(Exercise material begins)

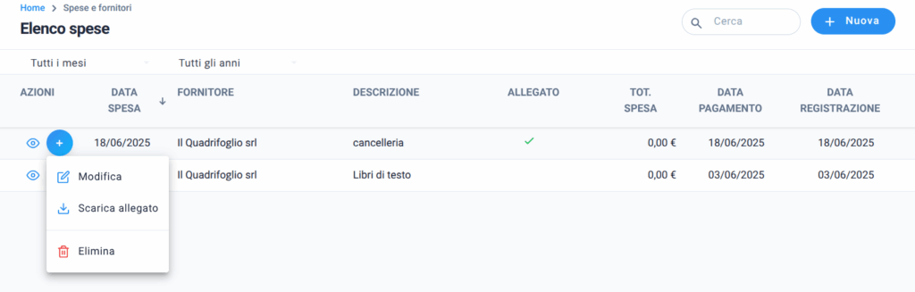 - Dal bottone azioni (blu col più) sarà possibile scaricare l’allegato (se presente), modificare la spesa inserita, oppure eliminarla (azione irreversibile).
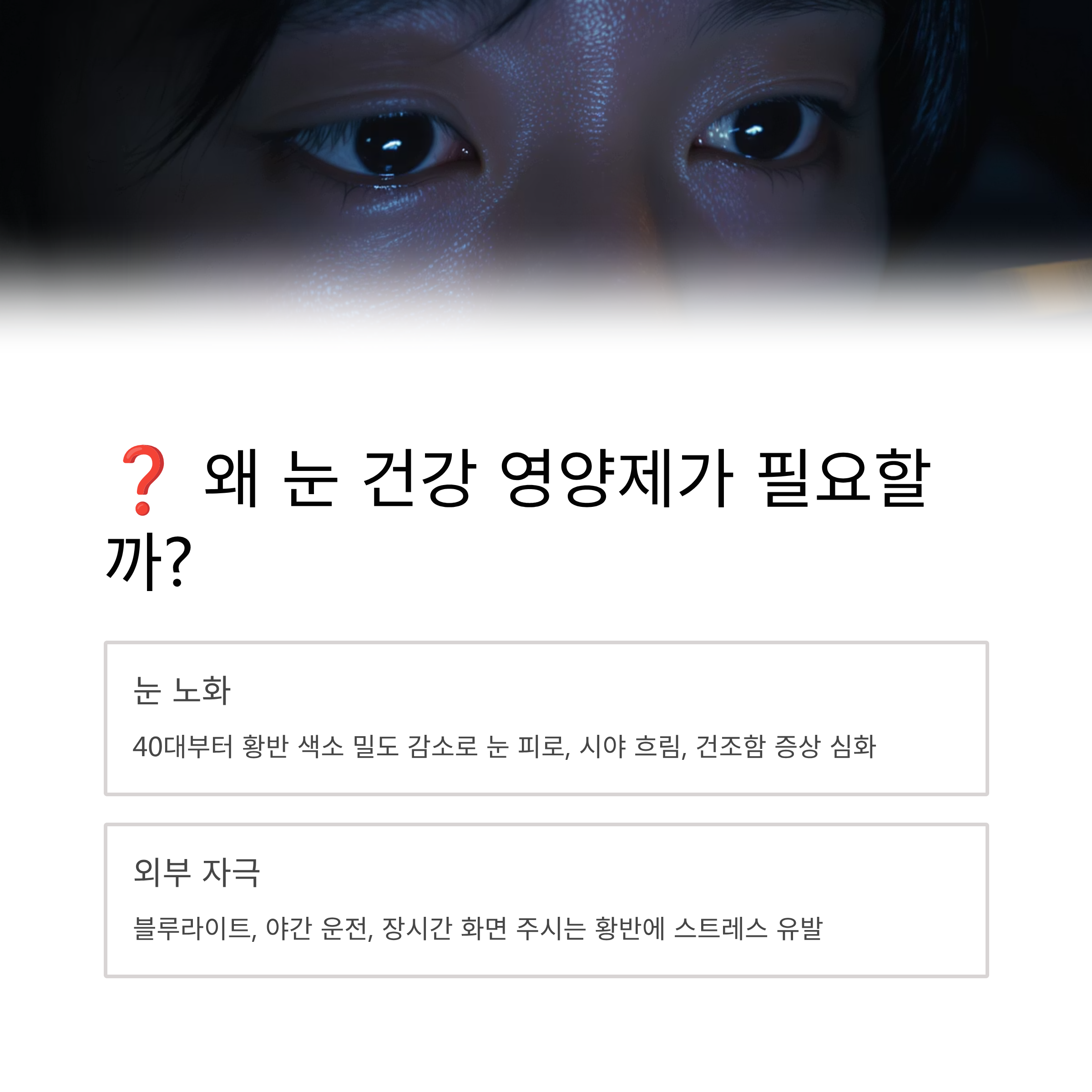 사람의 눈은 40대를 지나면서부터 황반 색소 밀도가 감소하고, 이에 따라 눈의 피로, 시야 흐림, 건조함 같은 증상들이 점점 심해질 수 있습니다. 특히 블루라이트, 야간 운전, 장시간 화면 주시 등은 황반에 더 큰 스트레스를 주게 되죠.
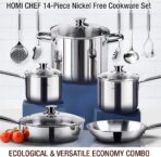 Be the first to review “HOMICHEF 14-Piece Nickel Free Stainless Steel Pans Set – Nickel Free Pots and Pans – Non-Toxic, Healthy Induction Cookware” Cancel reply
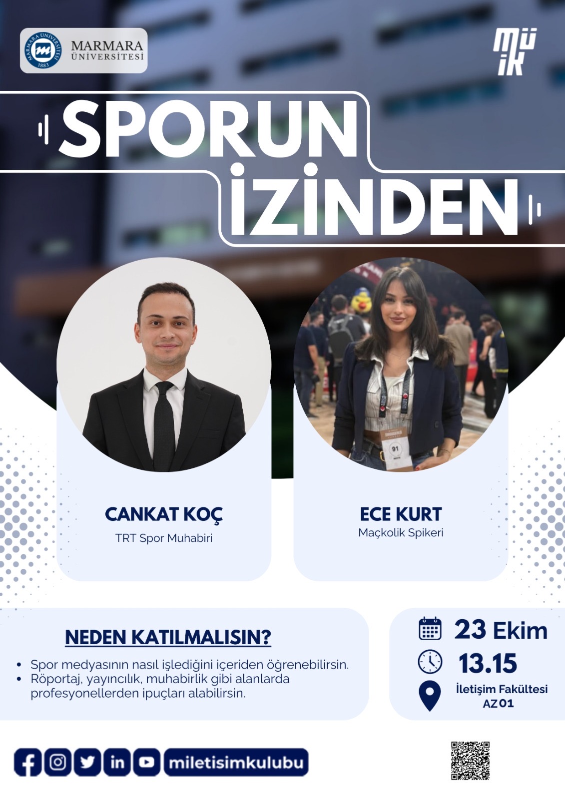Spor haberciliği alanında çalışan TRT Spor Muhabiri Cankat Koç ve Maçkolik Spikeri Ece Kurt ile spor medyası ile ilgili söyleşi gerçekleştirilecek.Bir moderatör eşliğinde söyleşi yapılacak.Soru-cevap şeklinde ilerlenecek.Etkinliğin hedef kitlesi üniversitemizin öğrencileri olacak.Yapılma amacı ise spor haberciliğine ilgi duyan öğrencileri bilgilendirmek ve merak ettikleri soruları cevaplandırmaktır.
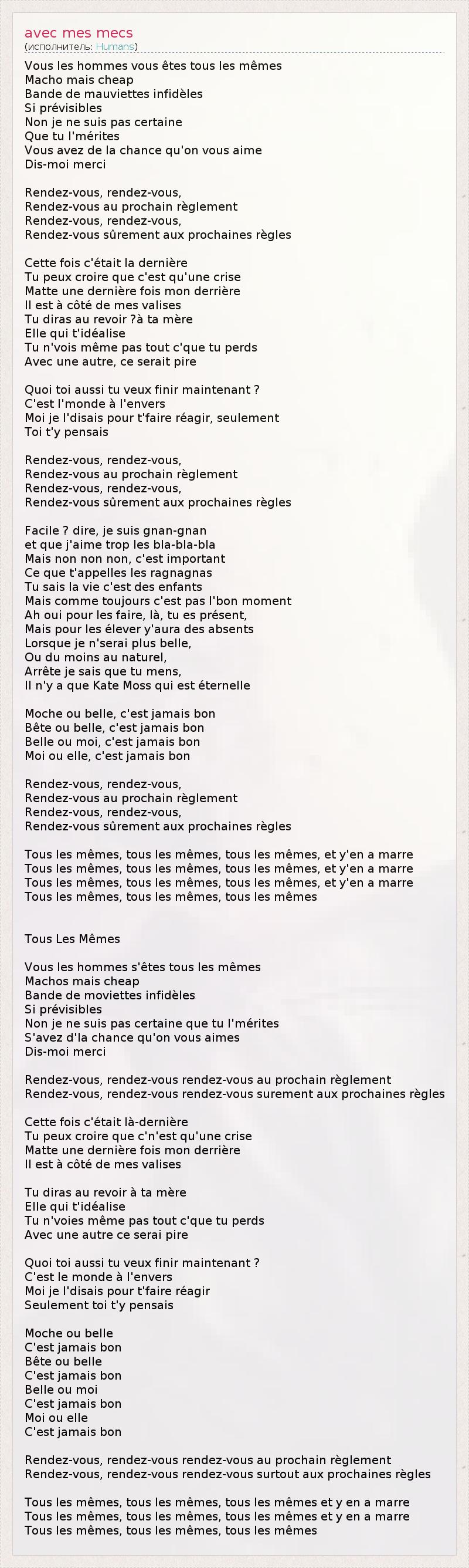 Vous les hommes vous êtes tous les mêmes Macho mais cheap Bande de mauviettes infidèles Si prévisibles Non je ne suis pas certaine Que tu l'mérites Vous avez de la chance qu'on vous aime Dis-moi merci Rendez-vous, rendez-vous, Rendez-vous au prochain règlement Rendez-vous, rendez-vous, Rendez-vous sûrement aux prochaines règles Cette fois c'était la dernière Tu peux croire que c'est qu'une crise Matte une dernière fois mon derrière Il est à côté de mes valises Tu diras au revoir ?à ta mère Elle qui t'idéalise Tu n'vois même pas tout c'que tu perds Avec une autre, ce serait pire Quoi toi aussi tu veux finir maintenant ? C'est l'monde à l'envers Moi je l'disais pour t'faire réagir, seulement Toi t'y pensais Rendez-vous, rendez-vous, Rendez-vous au prochain règlement Rendez-vous, rendez-vous, Rendez-vous sûrement aux prochaines règles Facile ? dire, je suis gnan-gnan et que j'aime trop les bla-bla-bla Mais non non non, c'est important Ce que t'appelles les ragnagnas Tu sais la vie c'est des enfants Mais comme toujours c'est pas l'bon moment Ah oui pour les faire, là, tu es présent, Mais pour les élever y'aura des absents Lorsque je n'serai plus belle, Ou du moins au naturel, Arrête je sais que tu mens, Il n'y a que Kate Moss qui est éternelle Moche ou belle, c'est jamais bon Bête ou belle, c'est jamais bon Belle ou moi, c'est jamais bon Moi ou elle, c'est jamais bon Rendez-vous, rendez-vous, Rendez-vous au prochain règlement Rendez-vous, rendez-vous, Rendez-vous sûrement aux prochaines règles Tous les mêmes, tous les mêmes, tous les mêmes, et y'en a marre Tous les mêmes, tous les mêmes, tous les mêmes, et y'en a marre Tous les mêmes, tous les mêmes, tous les mêmes, et y'en a marre Tous les mêmes, tous les mêmes, tous les mêmes Tous Les Mêmes Vous les hommes s'êtes tous les mêmes Machos mais cheap Bande de moviettes infidèles Si prévisibles Non je ne suis pas certaine que tu l'mérites S'avez d'la chance qu'on vous aimes Dis-moi merci Rendez-vous, rendez-vous rendez-vous au prochain règlement Rendez-vous, rendez-vous rendez-vous surement aux prochaines règles Cette fois c'était là-dernière Tu peux croire que c'n'est qu'une crise Matte une dernière fois mon derrière Il est à côté de mes valises Tu diras au revoir à ta mère Elle qui t'idéalise Tu n'voies même pas tout c'que tu perds Avec une autre ce serai pire Quoi toi aussi tu veux finir maintenant ? C'est le monde à l'envers Moi je l'disais pour t'faire réagir Seulement toi t'y pensais Moche ou belle C'est jamais bon Bête ou belle C'est jamais bon Belle ou moi C'est jamais bon Moi ou elle C'est jamais bon Rendez-vous, rendez-vous rendez-vous au prochain règlement Rendez-vous, rendez-vous rendez-vous surtout aux prochaines règles Tous les mêmes, tous les mêmes, tous les mêmes et y en a marre Tous les mêmes, tous les mêmes, tous les mêmes et y en a marre Tous les mêmes, tous les mêmes, tous les mêmes
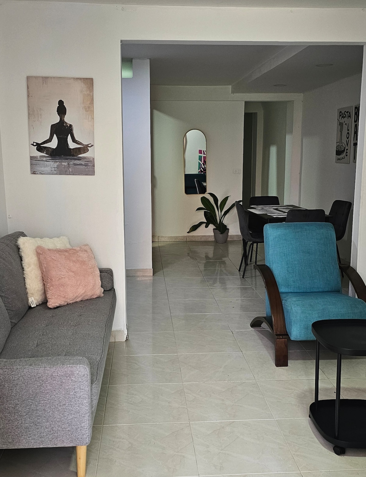 Disfruta una estancia con estilo en este apartamento moderno, diseñado para brindarte comodidad, elegancia y funcionalidad en cada detalle. El espacio cuenta con una sala moderna con Smart TV, un escritorio ergonómico ideal para trabajar o estudiar, y una decoración con toques cálidos que te harán sentir como en casa. La cocina está totalmente equipada y en la zona de lavado, contamos con lavadora-secadora. Con fácil acceso a restaurantes, centros comerciales y vías principales.
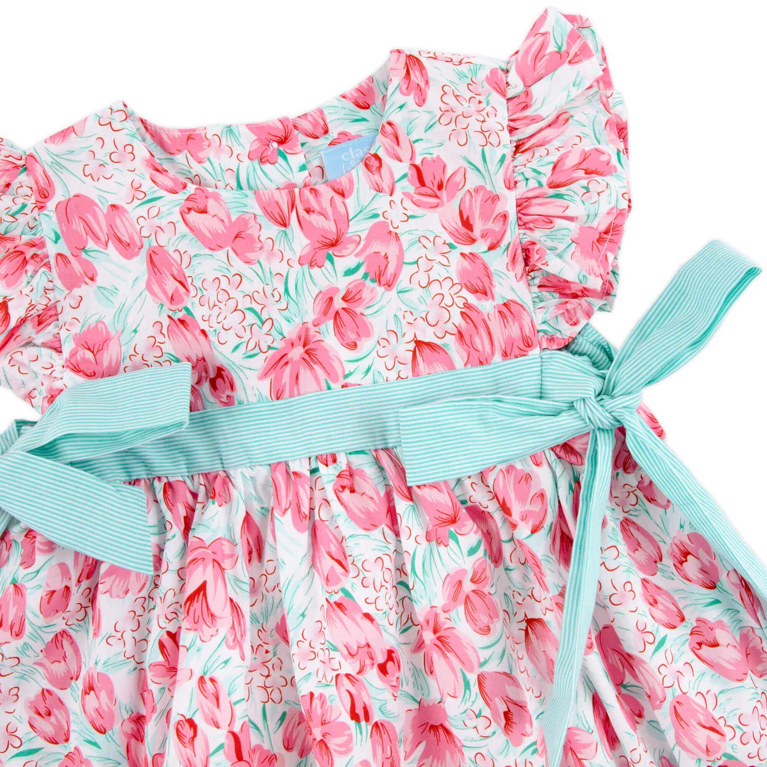 This Sweet Tulips Pink Avery Dress is a lovely choice for spring days. Designed in a charming pink tulip print, this Avery style dress features soft flutter sleeves finished with pink trim and sweet side tie bows for an extra special touch. Add a monogram to personalize the look and make it even more darling.
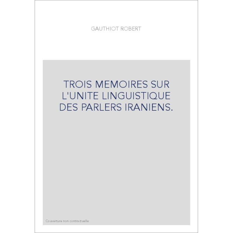 TROIS MEMOIRES SUR L'UNITE LINGUISTIQUE DES PARLERS IRANIENS.
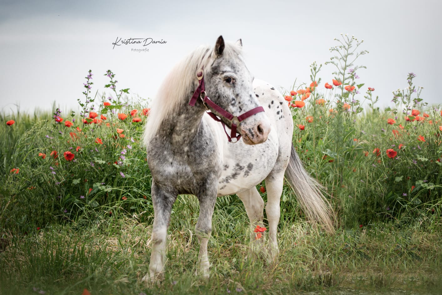 Unser kleines Tupfenpony Mara bezaubert die Kinder der Ponyschule mit ihrem Charme. Sie liebt es gebürstet und gekrault zu werden und ist geduldig mit den Kindern. Beim geführten Reiten in der Halle ist Mara sehr ruhig und anhänglich und somit auch für ganz junge Reiter sehr gut geeignet. Im Gelände entpuppt sie sich als flotter kleiner Flitzer, der mit den großen Pferden Schritt halten kann aber trotzdem immer kontrollierbar bleibt.
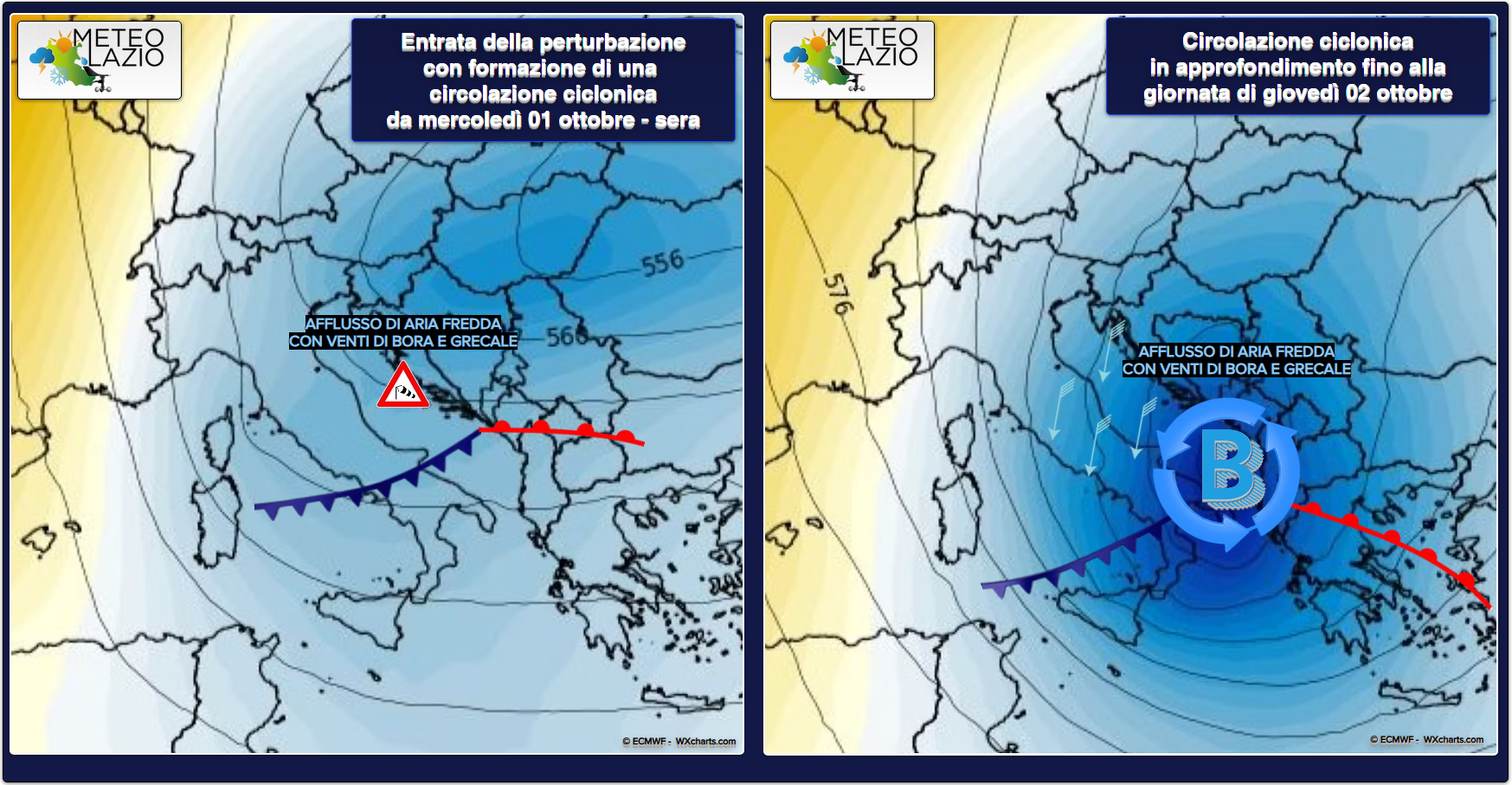 Dal 1° ottobre la circolazione ciclonica, posta a ridosso dei Balcani, trasporterà verso il Mar Adriatico e parte delle regioni centrali italiane un impulso perturbato, con l’ingresso di sostenute correnti di Bora da NE e di Grecale sul medio versante adriatico.
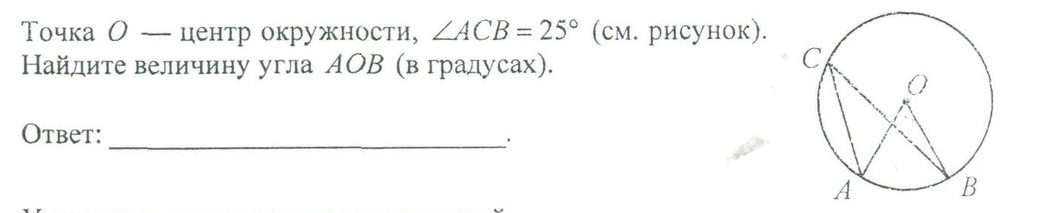 угол АОВ равен 50 градусам
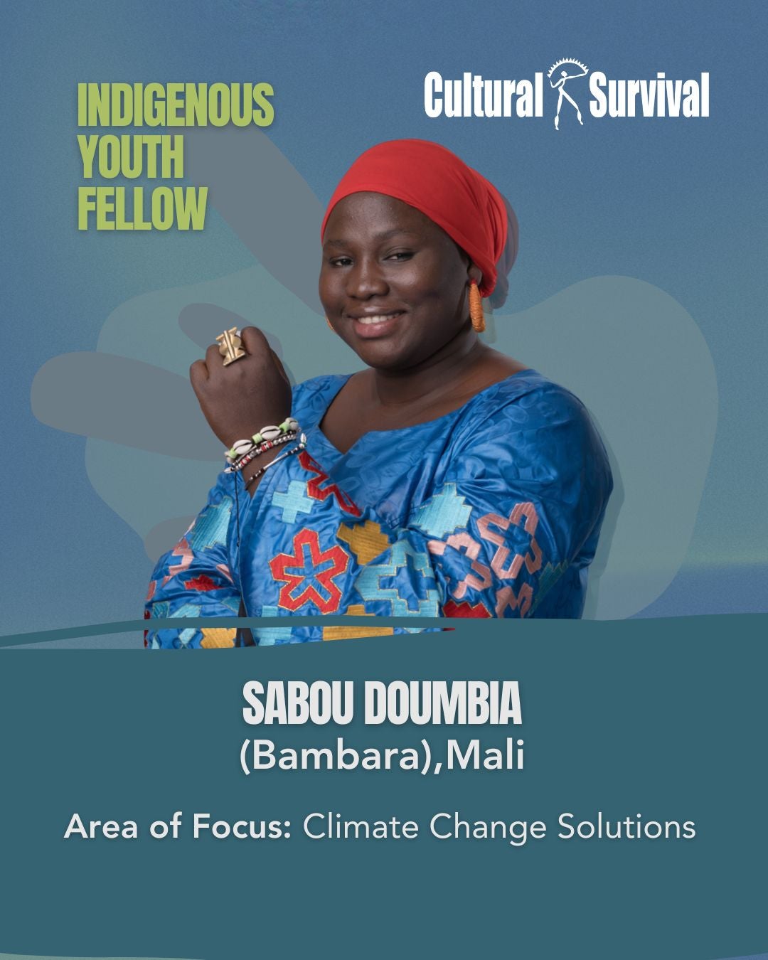 Sabou Doumbia est issue de la communauté bambara. Elle est informaticienne diplômée de l'Institut de Science et Technologie Appliquée de Bamako. Au-delà de son expertise en informatique, elle est également entrepreneure dans les domaines du développement communautaire, de la gestion de projets dans la gestion des déchets et de l'économie circulaire. Sabou est issue d'une famille nombreuse et a grandi dans un quartier où la solidarité communautaire a profondément marqué son enfance. Elle s'est consacrée à des projets de développement économique menés par la communauté. Son projet de bourse, "Préserver nos terres et nos avenirs bambaras", vise à sensibiliser les femmes du village de Siby, en particulier la communauté bambara, aux impacts du changement climatique sur leurs terres. Son initiative prône l'agriculture durable et l'utilisation d'engrais écologiques afin de promouvoir des pratiques respectueuses de l'environnement et adaptées aux réalités agricoles locales.

(Exercise material ends)

Exercise directions:
Would you copy all the material exactly, dropping the pictures?

Expected answer:
 - Dal bottone azioni (blu col più) sarà possibile scaricare l’allegato (se presente), modificare la spesa inserita, oppure eliminarla (azione irreversibile).
 사람의 눈은 40대를 지나면서부터 황반 색소 밀도가 감소하고, 이에 따라 눈의 피로, 시야 흐림, 건조함 같은 증상들이 점점 심해질 수 있습니다. 특히 블루라이트, 야간 운전, 장시간 화면 주시 등은 황반에 더 큰 스트레스를 주게 되죠.
 Be the first to review “HOMICHEF 14-Piece Nickel Free Stainless Steel Pans Set – Nickel Free Pots and Pans – Non-Toxic, Healthy Induction Cookware” Cancel reply
Spor haberciliği alanında çalışan TRT Spor Muhabiri Cankat Koç ve Maçkolik Spikeri Ece Kurt ile spor medyası ile ilgili söyleşi gerçekleştirilecek.Bir moderatör eşliğinde söyleşi yapılacak.Soru-cevap şeklinde ilerlenecek.Etkinliğin hedef kitlesi üniversitemizin öğrencileri olacak.Yapılma amacı ise spor haberciliğine ilgi duyan öğrencileri bilgilendirmek ve merak ettikleri soruları cevaplandırmaktır.
 Vous les hommes vous êtes tous les mêmes Macho mais cheap Bande de mauviettes infidèles Si prévisibles Non je ne suis pas certaine Que tu l'mérites Vous avez de la chance qu'on vous aime Dis-moi merci Rendez-vous, rendez-vous, Rendez-vous au prochain règlement Rendez-vous, rendez-vous, Rendez-vous sûrement aux prochaines règles Cette fois c'était la dernière Tu peux croire que c'est qu'une crise Matte une dernière fois mon derrière Il est à côté de mes valises Tu diras au revoir ?à ta mère Elle qui t'idéalise Tu n'vois même pas tout c'que tu perds Avec une autre, ce serait pire Quoi toi aussi tu veux finir maintenant ? C'est l'monde à l'envers Moi je l'disais pour t'faire réagir, seulement Toi t'y pensais Rendez-vous, rendez-vous, Rendez-vous au prochain règlement Rendez-vous, rendez-vous, Rendez-vous sûrement aux prochaines règles Facile ? dire, je suis gnan-gnan et que j'aime trop les bla-bla-bla Mais non non non, c'est important Ce que t'appelles les ragnagnas Tu sais la vie c'est des enfants Mais comme toujours c'est pas l'bon moment Ah oui pour les faire, là, tu es présent, Mais pour les élever y'aura des absents Lorsque je n'serai plus belle, Ou du moins au naturel, Arrête je sais que tu mens, Il n'y a que Kate Moss qui est éternelle Moche ou belle, c'est jamais bon Bête ou belle, c'est jamais bon Belle ou moi, c'est jamais bon Moi ou elle, c'est jamais bon Rendez-vous, rendez-vous, Rendez-vous au prochain règlement Rendez-vous, rendez-vous, Rendez-vous sûrement aux prochaines règles Tous les mêmes, tous les mêmes, tous les mêmes, et y'en a marre Tous les mêmes, tous les mêmes, tous les mêmes, et y'en a marre Tous les mêmes, tous les mêmes, tous les mêmes, et y'en a marre Tous les mêmes, tous les mêmes, tous les mêmes Tous Les Mêmes Vous les hommes s'êtes tous les mêmes Machos mais cheap Bande de moviettes infidèles Si prévisibles Non je ne suis pas certaine que tu l'mérites S'avez d'la chance qu'on vous aimes Dis-moi merci Rendez-vous, rendez-vous rendez-vous au prochain règlement Rendez-vous, rendez-vous rendez-vous surement aux prochaines règles Cette fois c'était là-dernière Tu peux croire que c'n'est qu'une crise Matte une dernière fois mon derrière Il est à côté de mes valises Tu diras au revoir à ta mère Elle qui t'idéalise Tu n'voies même pas tout c'que tu perds Avec une autre ce serai pire Quoi toi aussi tu veux finir maintenant ? C'est le monde à l'envers Moi je l'disais pour t'faire réagir Seulement toi t'y pensais Moche ou belle C'est jamais bon Bête ou belle C'est jamais bon Belle ou moi C'est jamais bon Moi ou elle C'est jamais bon Rendez-vous, rendez-vous rendez-vous au prochain règlement Rendez-vous, rendez-vous rendez-vous surtout aux prochaines règles Tous les mêmes, tous les mêmes, tous les mêmes et y en a marre Tous les mêmes, tous les mêmes, tous les mêmes et y en a marre Tous les mêmes, tous les mêmes, tous les mêmes
 Disfruta una estancia con estilo en este apartamento moderno, diseñado para brindarte comodidad, elegancia y funcionalidad en cada detalle. El espacio cuenta con una sala moderna con Smart TV, un escritorio ergonómico ideal para trabajar o estudiar, y una decoración con toques cálidos que te harán sentir como en casa. La cocina está totalmente equipada y en la zona de lavado, contamos con lavadora-secadora. Con fácil acceso a restaurantes, centros comerciales y vías principales.
 This Sweet Tulips Pink Avery Dress is a lovely choice for spring days. Designed in a charming pink tulip print, this Avery style dress features soft flutter sleeves finished with pink trim and sweet side tie bows for an extra special touch. Add a monogram to personalize the look and make it even more darling.
 TROIS MEMOIRES SUR L'UNITE LINGUISTIQUE DES PARLERS IRANIENS.
 Unser kleines Tupfenpony Mara bezaubert die Kinder der Ponyschule mit ihrem Charme. Sie liebt es gebürstet und gekrault zu werden und ist geduldig mit den Kindern. Beim geführten Reiten in der Halle ist Mara sehr ruhig und anhänglich und somit auch für ganz junge Reiter sehr gut geeignet. Im Gelände entpuppt sie sich als flotter kleiner Flitzer, der mit den großen Pferden Schritt halten kann aber trotzdem immer kontrollierbar bleibt.
 Dal 1° ottobre la circolazione ciclonica, posta a ridosso dei Balcani, trasporterà verso il Mar Adriatico e parte delle regioni centrali italiane un impulso perturbato, con l’ingresso di sostenute correnti di Bora da NE e di Grecale sul medio versante adriatico.
 угол АОВ равен 50 градусам
 Sabou Doumbia est issue de la communauté bambara. Elle est informaticienne diplômée de l'Institut de Science et Technologie Appliquée de Bamako. Au-delà de son expertise en informatique, elle est également entrepreneure dans les domaines du développement communautaire, de la gestion de projets dans la gestion des déchets et de l'économie circulaire. Sabou est issue d'une famille nombreuse et a grandi dans un quartier où la solidarité communautaire a profondément marqué son enfance. Elle s'est consacrée à des projets de développement économique menés par la communauté. Son projet de bourse, "Préserver nos terres et nos avenirs bambaras", vise à sensibiliser les femmes du village de Siby, en particulier la communauté bambara, aux impacts du changement climatique sur leurs terres. Son initiative prône l'agriculture durable et l'utilisation d'engrais écologiques afin de promouvoir des pratiques respectueuses de l'environnement et adaptées aux réalités agricoles locales.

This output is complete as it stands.